When the chance came to finally redeem himself against Argentina, he blasted home a penalty for the only goal of the game. He demonstrated that the right attitude and hard work can see you through the most testing times
Early in the second half, with the game poised at 2-2, Beckham kicked out harmlessly but petulantly at the Argentina midfielder Diego Simeone. Simeone tumbled to the floor and the referee had no hesitation in showing Beckham a red card. England, now down to ten men and with their backs against the wall, went on to produce a stirring performance and not only kept Argentina at bay but nearly snatched victory.
Alas, Sol Campbell's late headed goal was cruelly disallowed and England were eventually eliminated in a penalty shoot-out. The newspapers, particularly The Sun, had a field day to end all field days. Beckham was blamed for England's glorious defeat and became public enemy number one overnight.
Despite being booed at every away ground when the 1998/99 Premier League season started, Beckham kept plugging away for Manchester United, scoring and creating goals on a regular basis. By the time the next World Cup came around, Beckham was firmly established as the nation's footballing darling. When the chance came to finally redeem himself against Argentina during the group stages, he took it with aplomb. Becks blasted home a penalty for the only goal of the game and, in so doing, demonstrated that the right attitude and a hard work ethic can see you through the most testing times.
In the final qualification game for the 2002 World Cup England were playing against Greece to secure their place in the finals. A draw would do the trick as long as Germany didn't win their final group match against Finland. Inexplicably, England produced a lacklustre performance and were losing 2-1 going into the final twenty minutes of the game.

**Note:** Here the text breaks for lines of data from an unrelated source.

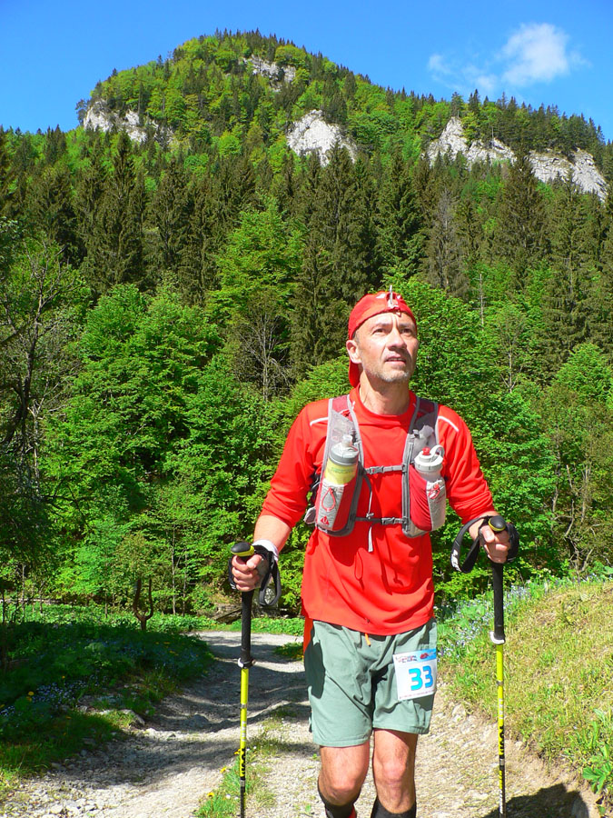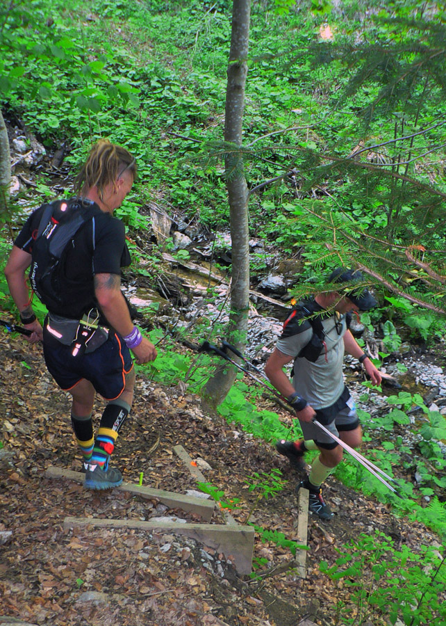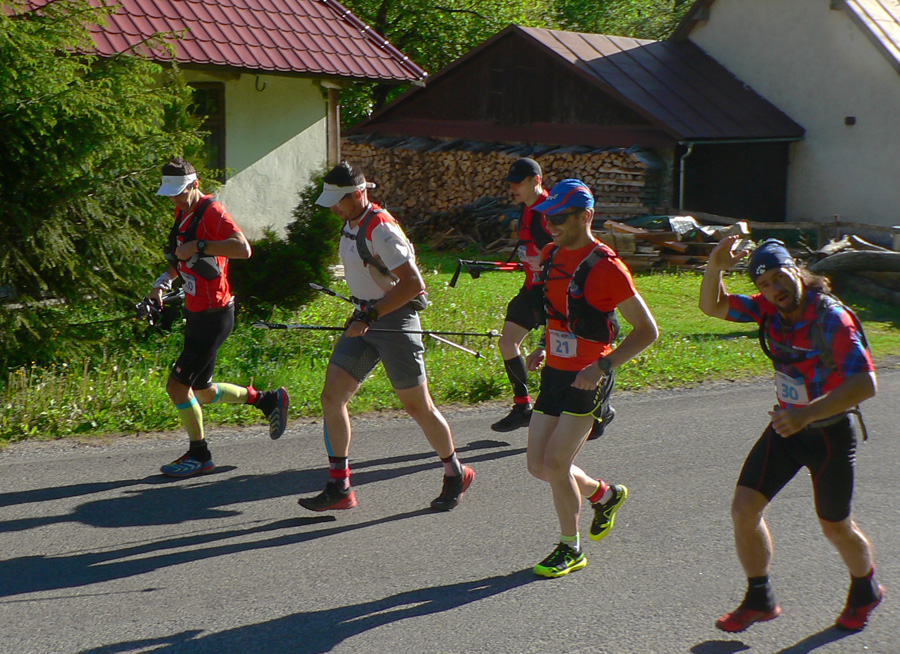 Štart ešte za ranného chládku o siedmej hore dedinou, ale zahriatie asi bolo rýchle do tej steny na Úplaz. Stade dole do Bystrickej doliny, aby sa všetci mohli vyštverať na Kráľovu studňu. Brutálny zbeh do Gadera a brutálny stupák na Ostredok. Trochu vydýchať proti vetru po hrebeni na Ploskú a dlhý zbeh po lúkach do Vyšných Revúc. Asfalt a šotolina cestou na Veľký Šturec a posledný technický úsek po hrebienku do východného Prašnického sedla. Traverzovým lesným chodníčkom do Prašnice. Odtiaľ už len po cestách. Dole do Valentovej, hore cez celé Rybô a po zvážnici, dosť nahusto vystlanej makadamom, kolísavo hore - dole do cieľa.
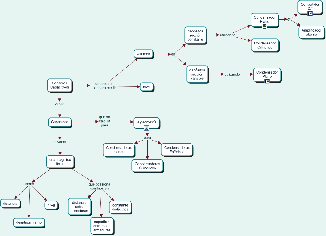 Este Cmap, tiene información relacionada con: 1.- Sensores Capacitivos, la geometría para Condensadores planos, Capacidad que se calcula para la geometría, depósitos sección constante utilizando Condensador Cilíndrico, una magnitud física que ocasiona cambios en superficie enfrentada armaduras, depósitos sección constante utilizando Condensador Plano, Capacidad al variar una magnitud física, Sensores Capacitivos se pueden usar para medir volumen, depósitos sección variable utilizando Condensador Plano, Sensores Capacitivos varian Capacidad, Condensador Plano y Convertidor C/f, la geometría para Condensadores Cilíndricos, una magnitud física que ocasiona cambios en constante dieléctrica, una magnitud física como desplazamiento, volumen en depósitos sección constante, volumen en depósitos sección variable, una magnitud física que ocasiona cambios en distancia entre armaduras, una magnitud física como nivel, la geometría para Condensadores Esféricos, Condensador Plano y Amplificador alterna, Sensores Capacitivos se pueden usar para medir nivel
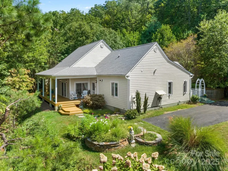 Elegant single-story 3BR home on over 9 acres in Fairview, just 15 minutes from Asheville! This rare mountain retreat offers privacy and versatility, with 3 separate lots providing peace of mind and potential building sites or multi-generational living options-all nestled in the beauty of WNC's temperate rainforests. The open, split floor plan is flooded with natural light from vaulted ceilings and skylights, featuring refinished hardwood floors, crown molding, and a spacious sunroom with exercise area. Cozy up with a wood stove or gas log fireplace in the primary suite. Thoughtful upgrades include cedar-lined walk-in closets, a volcanic stone claw soaking tub, alarm system, whole-house generator, mounted EV charger, safe in closet, and paved driveway. Enjoy the outdoors with professionally designed landscaping, stacked flagstone beds, stone water fountain, covered front porch with vault...

Beckham, playing as captain on his home ground Old Trafford, knew England were having an off day and raised his game accordingly. He was everywhere: chasing down and tackling opponents, receiving the ball from the back and leading attacks, taking throw-ins, taking corners, shooting at every opportunity. It seemed that every time you looked at the screen, Becks was on it.
Still, the goal wouldn't come. Going into injury time, Germany had missed a series of gilt-edged chances and Finland had somehow held them to a goalless draw. England knew one goal would be enough and Beckham had one final chance to get it with a free-kick just outside the penalty area. He'd missed a few from similar positions throughout the afternoon but this one he executed to perfection, sending a dipping, spinning ball into the top corner of the goal, beating the frozen Greek 'keeper and cueing rapturous celebrations from England's fans.
Despite an unremarkable team performance on the day, Becks had made the difference with firstly his tenacity and secondly a moment of inspiration. Sometimes that's what's required.
It might seem harsh to say, but David Beckham was by no means one of the best footballers ever. It's true that he had a wonderful right foot and excellent technical ability, but he was not quick and he lacked the genuine guile and artfulness that is common to all the great players of the game.
Becks didn't have half the talent of, say, Zinedine Zidane - but he retired probably around 20 times richer than the French magician.
It's true that you can't achieve very much without a lot of hard work and a genuine emotional investment in what you do - but nothing should come at the expense of happiness and your responsibilities away from business
It's true that Zidane and many others aren't blessed with Beckham's boyish charm, chiselled features and flowing blonde locks - and it's true that most footballers only have limited commercial opportunities. But Beckham showed the discipline to establish and maintain an image that allowed him to fully exploit these opportunities - and he reaped the rewards.
Most crucially, however, Becks was never distracted from his main business and the root of all his other revenue-generating opportunities: playing football. Without that, the other streams could very easily have disappeared.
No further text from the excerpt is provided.